To improve your manuscript, please consider the following issues to be adressed either in Introduction and/or in the Discussion:

1. the learning curve, dentists and technicians need to be trained (it is only mentioned briefly in the discussion)

2. the scanner limitation- captures only mucostatic impressions

3. the manufacturing process: possibility of using new materials with high resistance and better aesthetic results.

4. complex cases where patients have severely limited mouth opening (also briefly mentioned)

5. the hibrid technique (conventional and digital)

You can review the following references to obtain more information in each of the topics above.
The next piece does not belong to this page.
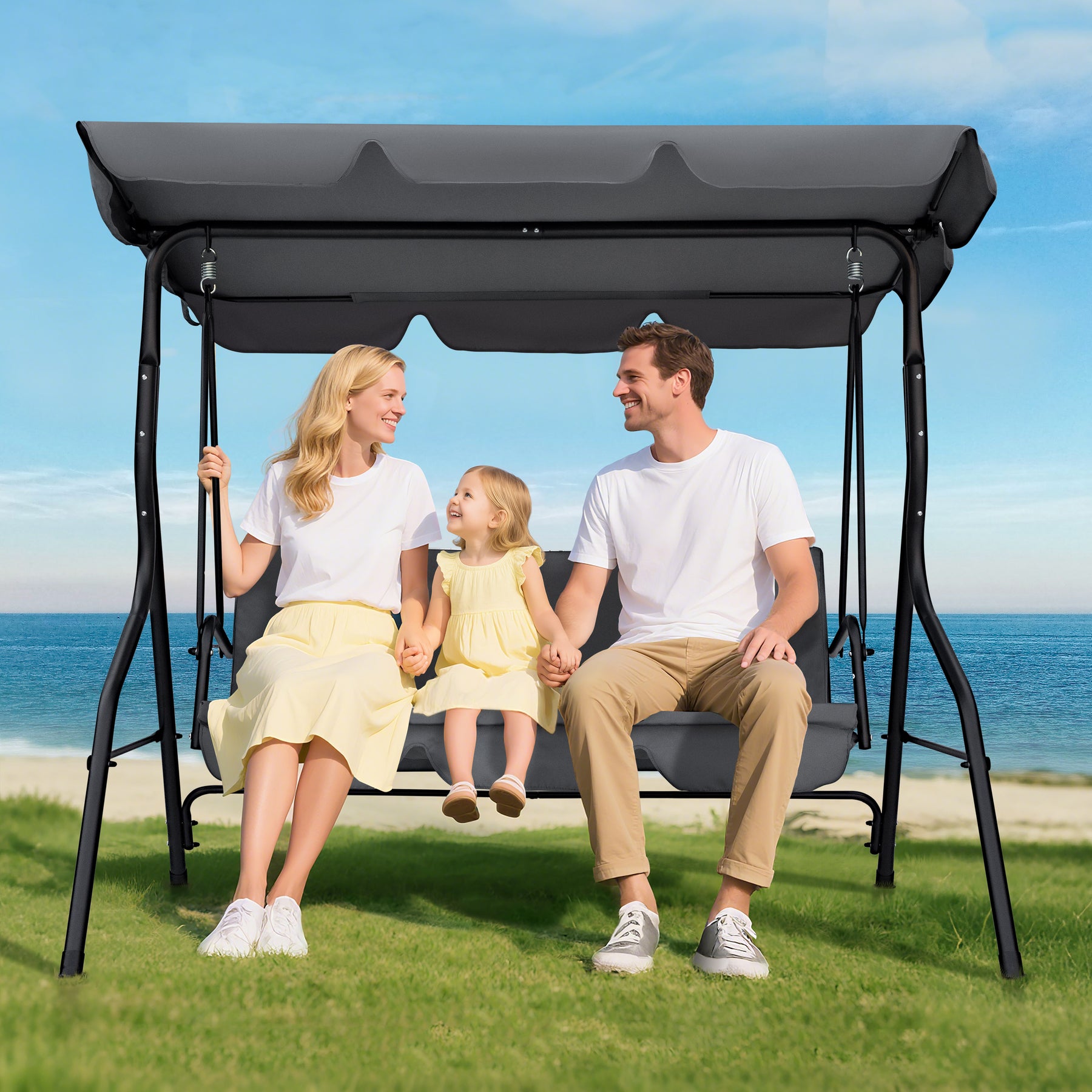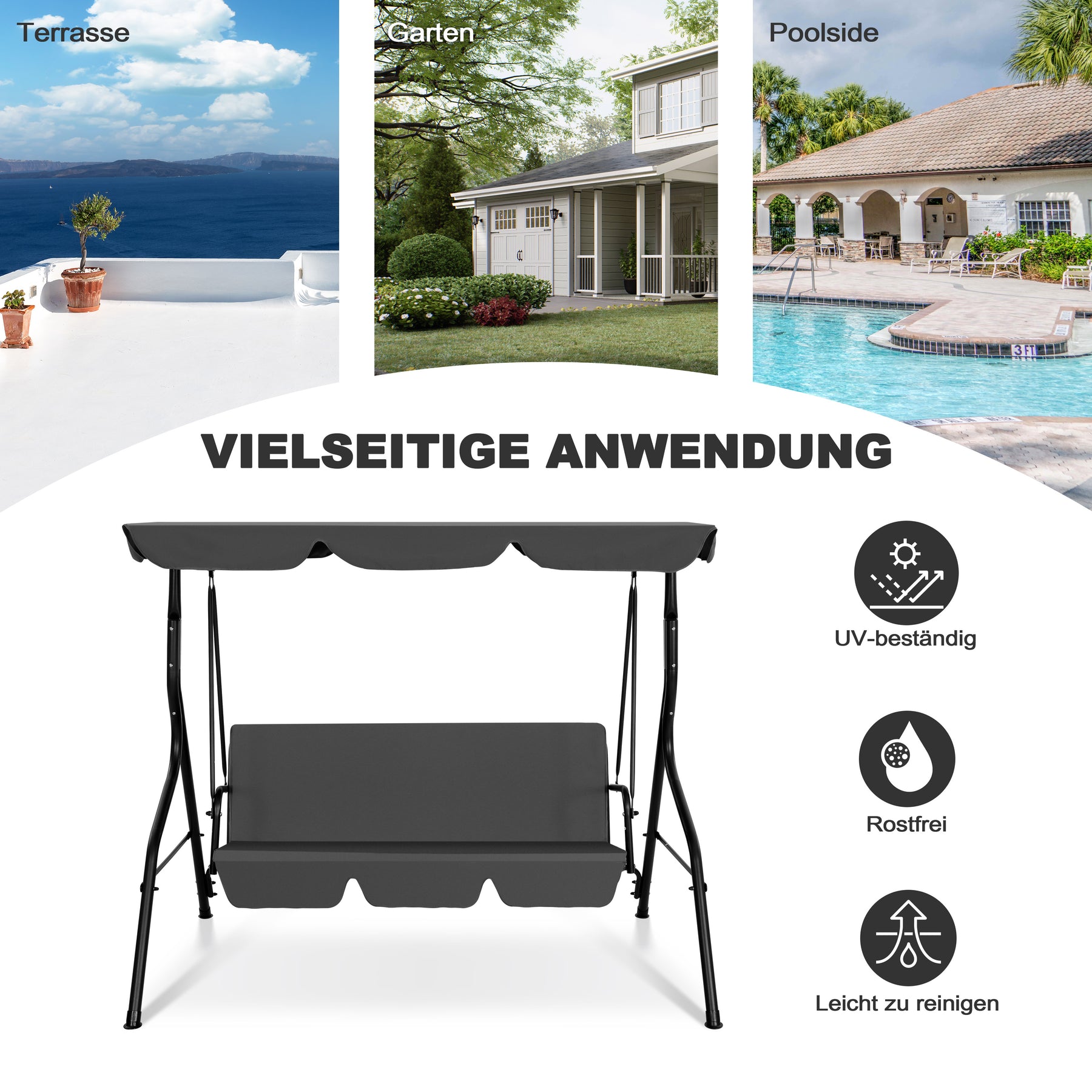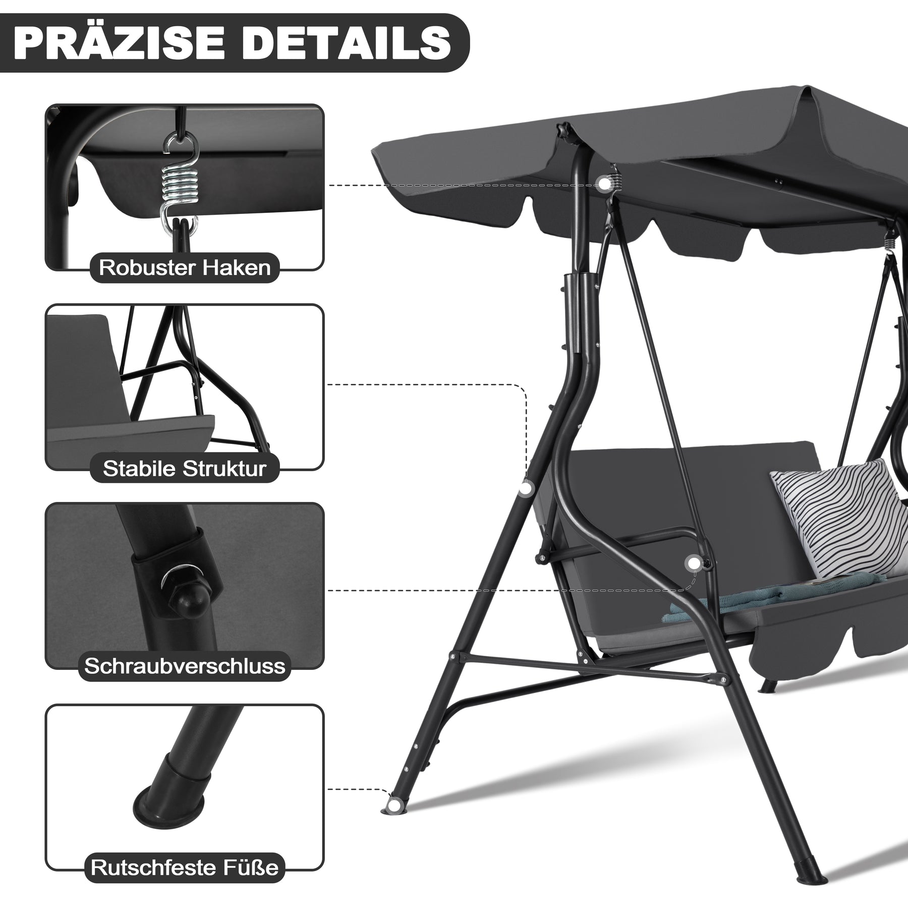 Genießen Sie das Leben in vollen Zügen! Unsere Avestar Gartenschaukel ist die ideale Wahl für Sie. Das Gestell der Gartenschaukel für drei Personen besteht aus Stahlrohren mit einer dunkelgrauen Kunststoffbeschichtung. Das Vordach dieser Gartenschaukel lässt sich in mehreren Winkeln verstellen und bietet optionalen Sonnenschutz den ganzen Tag lang. Zudem ist es staubabweisend und Spritzwasserabweisung. Während Sie sich auf dieser Gartenschaukel entspannen, sorgen die rutschhemmenden Kunststofffüßen für Sicherheit, während das weiche Sitzkissen den Komfort erhöht und ein perfektes, sanftes Schaukelerlebnis im Freien bietet.

Ye, H., Wang, Z., Sun, Y., & Zhou, Y.(2020). Fully digital workflow for the design and manufacture of prostheses for maxillectomy defects. The Journal of Prosthetic Dentistry, 126(2), 257-261. https://doi.org/10.1016/j.prosdent.2020.05.026

Takaichi, A., Fueki, K., Murakami, N., Ueno, T., Inamochi, Y., Wada, J., Arai, Y., & Wakabayashi, N. (2022). A systematic review of digital removable partial dentures. Part II: CAD/CAM framework, artificial teeth, and denture base. Journal Prosthodont Research, 66(1), 53-67. https://doi.org/10.2186/jpr.JPR_D_20_00117

 

Suganna, M., Kausher, H., Tarek, Ahmed, S., T., Alharbi, H., S., Alsubaie, B., F., Haleem, S., Ali, B., M., R. (2022). Contemporary evidence of cad-cam in dentistry: a systematic review. Cureus 14(11), e31687. https://doi.org/10.7759/cureus.31687

Other concerns to revise are described below.

✓ The authors should clarify inclusions and exclusions criteria, namely the time frame

✓ The number of articles used for meta-analysis (consider to exclude this part)

✓ The Conclusions do not support the Abstract ( say differente things)

Further studies on this topic could be an innovative issue by adding new information helpful for the dental community However, this study, in my view does not, in its current form, satisfy a high scientific requirement.

 

Author Response

REVIEWER 1

 

This review focus is the intraoral scanning for producing full-arch implant supported prostheses comparing with conventional Methods. In the results of the study the authors found that the scanning method to develop full-arch fixed prostheses was similar to the conventional impression technique considering technical and biological complications and MBL. They also found that the procedure time for the group of rehabilitations made by the intraoral scanning method was faster. Nevertheless, conventional method achieved fewer retakes than digital. It would be expected no complications or MBL and also a faster procedure because intraoral scanning allows the professional to visualize and adjust the impressions but also provides the flexibility to repeat them within the same session if necessary. Considering these facts the only relevant information are the number of retakes when using the conventional method. Digital technology offers several advantages over conventional techniques. They do not require the use of a tray or impression material so intraoral scanning is a simpler and safer technique for taking impressions specially in maxillectomy patients. After reviewing the manuscript it seems that the contents do not significantly contribute to the current literature

 

R.: We would like to thank the reviewer for evaluating our manuscript. We have made substantial changes to it, rewriting and reorganizing it. We strongly believe that we were able to fully address the points raised and, therefore, have significantly improved the overall quality of the manuscript. All requested modifications are highlighted in green.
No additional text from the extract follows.